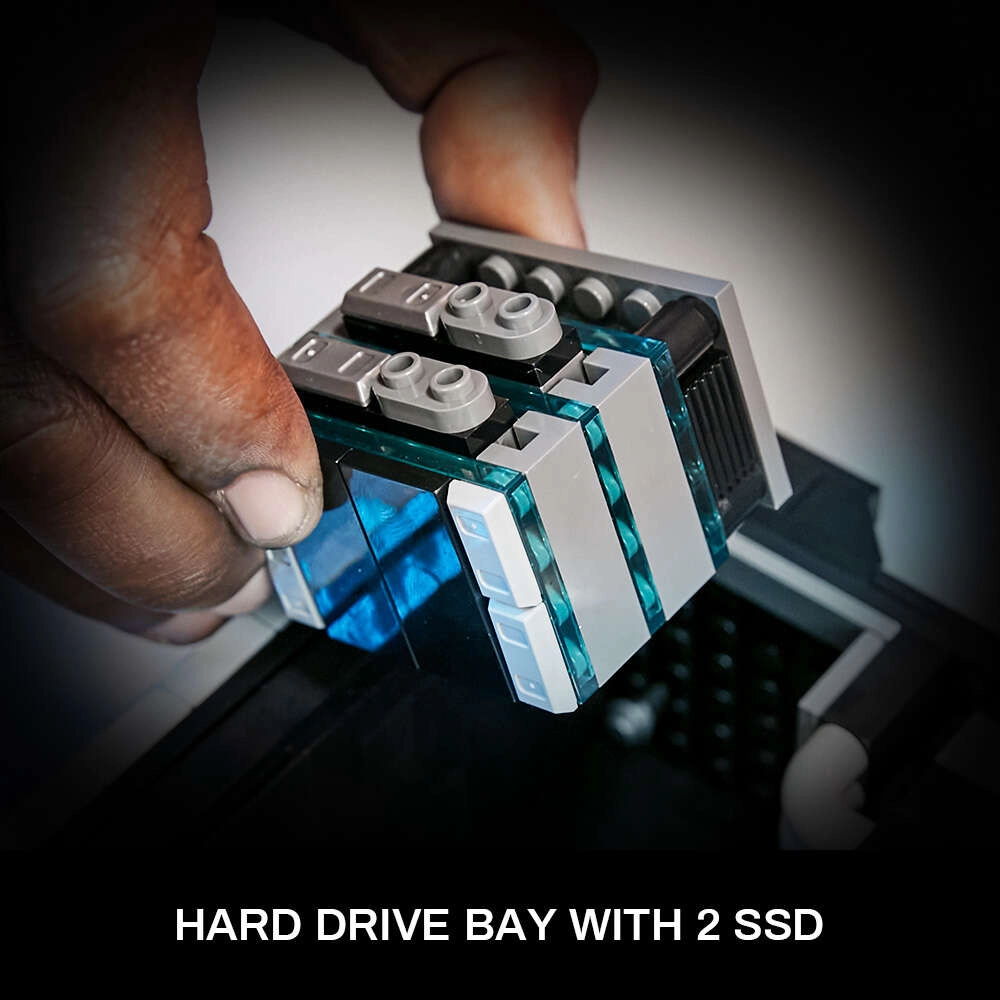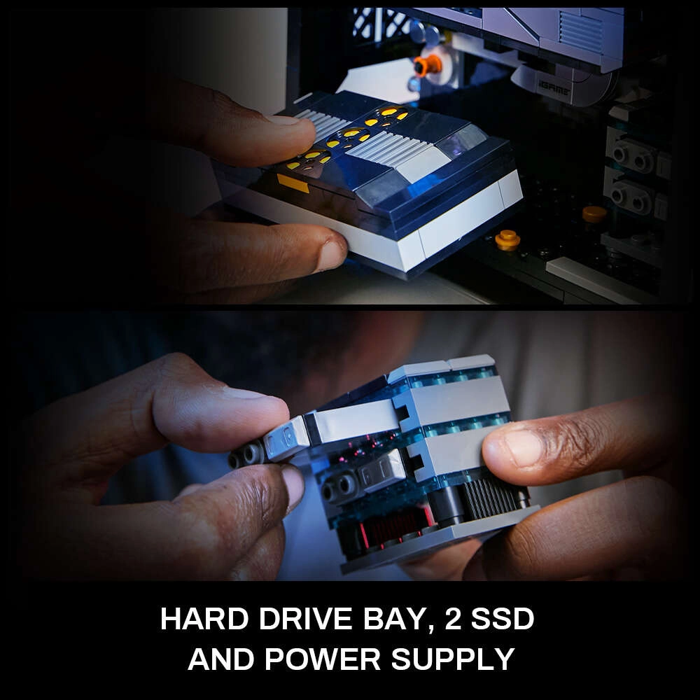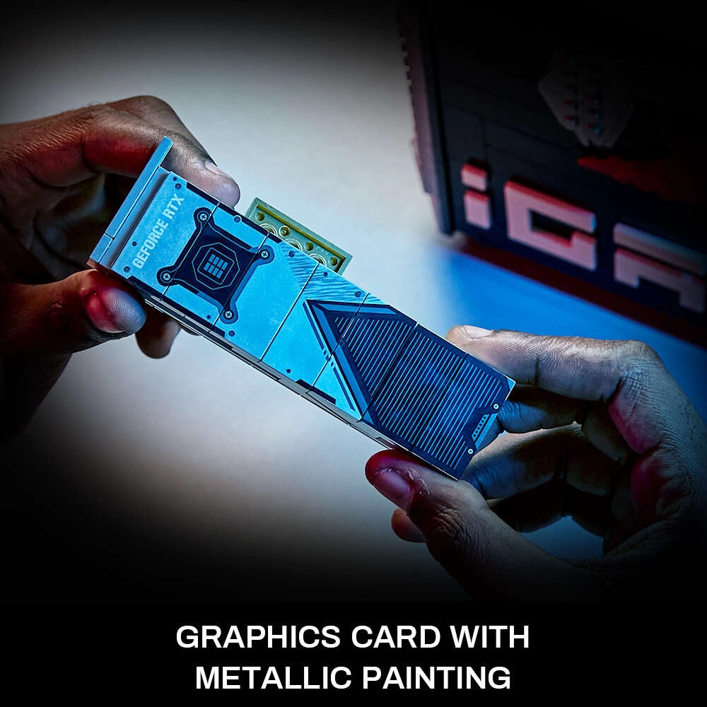 Descubre un set de construcción original que reproduce fielmente un escritorio gaming moderno. Cada módulo —desde la tarjeta gráfica, la fuente y el soporte para SSD hasta la placa base y la memoria DDR— se monta por separado, para que disfrutes de la sensación realista de “actualizar” el ordenador. La precisa impresión por tampografía en las piezas garantiza un aspecto bonito a largo plazo sin necesidad de pegar etiquetas.
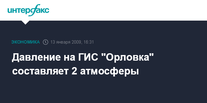 Москва. 13 января. INTERFAX.RU - Давление на входе на украинскую газоизмерительную станцию (ГИС) "Орловка" (Одесская обл.) на границе с Румынией составляет 2 кг на 1 кв см или две технических атмосферы, сообщил агентству "Интерфакс" начальник Одесского управления магистральных газопроводов Борис Девдера.
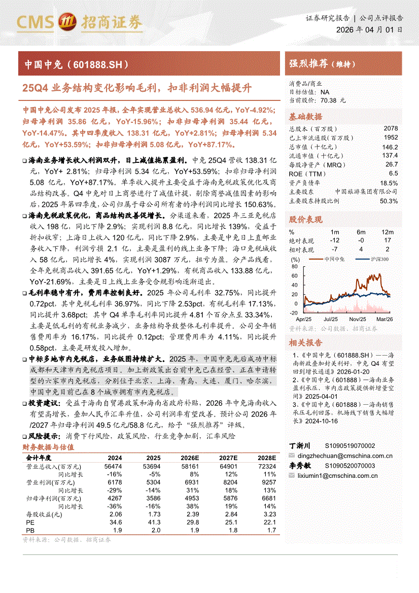 中国中免:招商证券-中国中免-601888-25Q4业务结构变化影响毛利,扣非利润大幅提升-260401
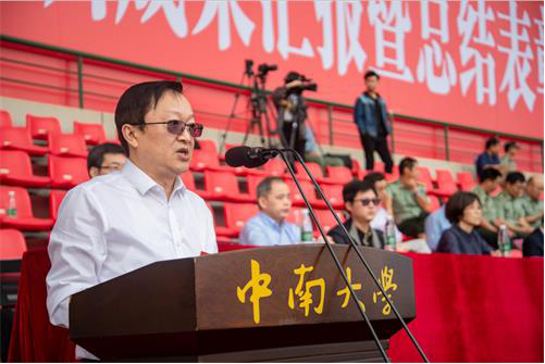9月28日上午,taptap官方网站2018级新生军训成果汇报暨总结表彰大会在新校区体育场举行。校领导易红、陶立坚、陈春阳、朱学红、黄健陵,陆军驻taptap官方网站、湘潭大学后备军官选拔培训工作办公室主任沈玉海上校,湖南省军区学生军训办公室主任汤光强中校,岳麓区武装部部长马运山上校,学校军训领导小组成员、军训团成员、各学院负责人等参加大会。大会由常务副书记陶立坚主持。
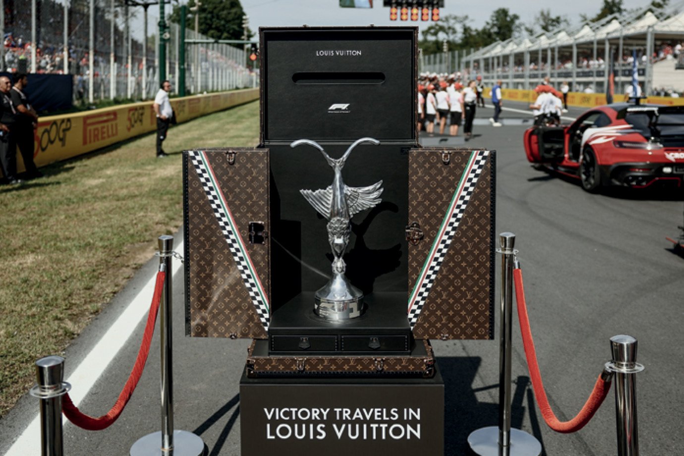 Quando os pilotos alinham seus carros para o grid de largada de um Grande Prêmio de Fórmula 1, a cerimônia oficial reúne os 20 competidores para a execução do hino nacional do país que recebe uma das 24 etapas da temporada. Diante deles, tem destaque um baú exclusivo produzido especialmente pela Louis Vuitton para carregar o troféu da vitória.
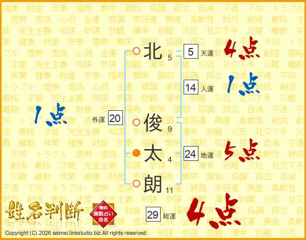 北俊太朗さんの総運は29画の4点!
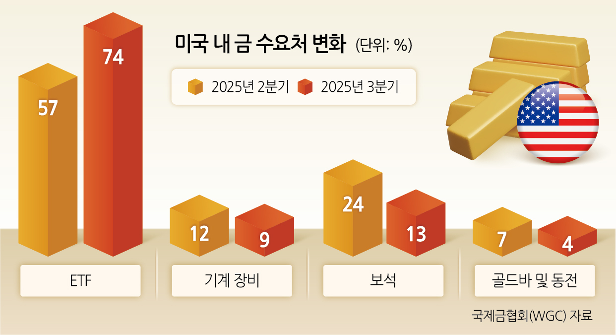 상대적인 수요뿐 아니라 전체 보석 소비량도 감소했다. 3분기 기준 미국 내 실물 금 및 보석 소비량은 전년 대비 12% 감소한 25톤을 기록했다. 트럼프 정부의 관세와 인공지능(AI)의 일자리 대체에 따른 고용 불안 등으로 인해 미국 내 소비 둔화가 나타나자 보석 및 주얼리 구매가 급격히 줄었다는 분석이 나온다. 반면, 자산가치를 보존하려는 동기가 커지면서 금 ETF 투자 수요는 오히려 늘고 있다는 설명이다.
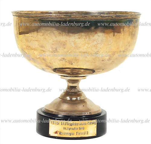 Siegerpokal „2.Platz Internationales Flugplatzrennen Zeltweg 18. September 1960 Rennwagen Formel II“, Hans Herrmann auf Porsche F2, Höhe inkl. Sockel 27cm
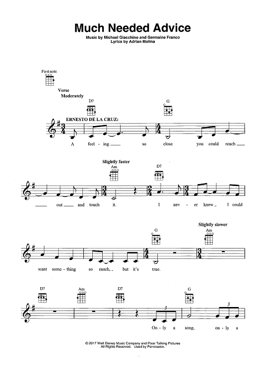 Digital Sheet Music for Much Needed Advice - from COCO by Michael Giacchino, Germaine Franco, Adrian Molina scored for Ukulele; id:466200
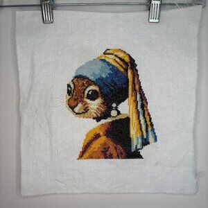 Girl with a Pearl Earring Handmade Crossstitch Complete Artwork Frameable Cat
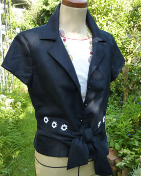 黒に近いネイビーで、麻独特のパリッ、くたっとしていて高級感があります。
- - - - -
=== Exercise instructions ===
Would you please copy the listing exactly, omitting every picture?

=== Exercise answer ===
 Descubre un set de construcción original que reproduce fielmente un escritorio gaming moderno. Cada módulo —desde la tarjeta gráfica, la fuente y el soporte para SSD hasta la placa base y la memoria DDR— se monta por separado, para que disfrutes de la sensación realista de “actualizar” el ordenador. La precisa impresión por tampografía en las piezas garantiza un aspecto bonito a largo plazo sin necesidad de pegar etiquetas.
 Москва. 13 января. INTERFAX.RU - Давление на входе на украинскую газоизмерительную станцию (ГИС) "Орловка" (Одесская обл.) на границе с Румынией составляет 2 кг на 1 кв см или две технических атмосферы, сообщил агентству "Интерфакс" начальник Одесского управления магистральных газопроводов Борис Девдера.
 中国中免:招商证券-中国中免-601888-25Q4业务结构变化影响毛利,扣非利润大幅提升-260401
9月28日上午,taptap官方网站2018级新生军训成果汇报暨总结表彰大会在新校区体育场举行。校领导易红、陶立坚、陈春阳、朱学红、黄健陵,陆军驻taptap官方网站、湘潭大学后备军官选拔培训工作办公室主任沈玉海上校,湖南省军区学生军训办公室主任汤光强中校,岳麓区武装部部长马运山上校,学校军训领导小组成员、军训团成员、各学院负责人等参加大会。大会由常务副书记陶立坚主持。
 Quando os pilotos alinham seus carros para o grid de largada de um Grande Prêmio de Fórmula 1, a cerimônia oficial reúne os 20 competidores para a execução do hino nacional do país que recebe uma das 24 etapas da temporada. Diante deles, tem destaque um baú exclusivo produzido especialmente pela Louis Vuitton para carregar o troféu da vitória.
 北俊太朗さんの総運は29画の4点!
 상대적인 수요뿐 아니라 전체 보석 소비량도 감소했다. 3분기 기준 미국 내 실물 금 및 보석 소비량은 전년 대비 12% 감소한 25톤을 기록했다. 트럼프 정부의 관세와 인공지능(AI)의 일자리 대체에 따른 고용 불안 등으로 인해 미국 내 소비 둔화가 나타나자 보석 및 주얼리 구매가 급격히 줄었다는 분석이 나온다. 반면, 자산가치를 보존하려는 동기가 커지면서 금 ETF 투자 수요는 오히려 늘고 있다는 설명이다.
 Siegerpokal „2.Platz Internationales Flugplatzrennen Zeltweg 18. September 1960 Rennwagen Formel II“, Hans Herrmann auf Porsche F2, Höhe inkl. Sockel 27cm
 Digital Sheet Music for Much Needed Advice - from COCO by Michael Giacchino, Germaine Franco, Adrian Molina scored for Ukulele; id:466200
 Girl with a Pearl Earring Handmade Crossstitch Complete Artwork Frameable Cat
 黒に近いネイビーで、麻独特のパリッ、くたっとしていて高級感があります。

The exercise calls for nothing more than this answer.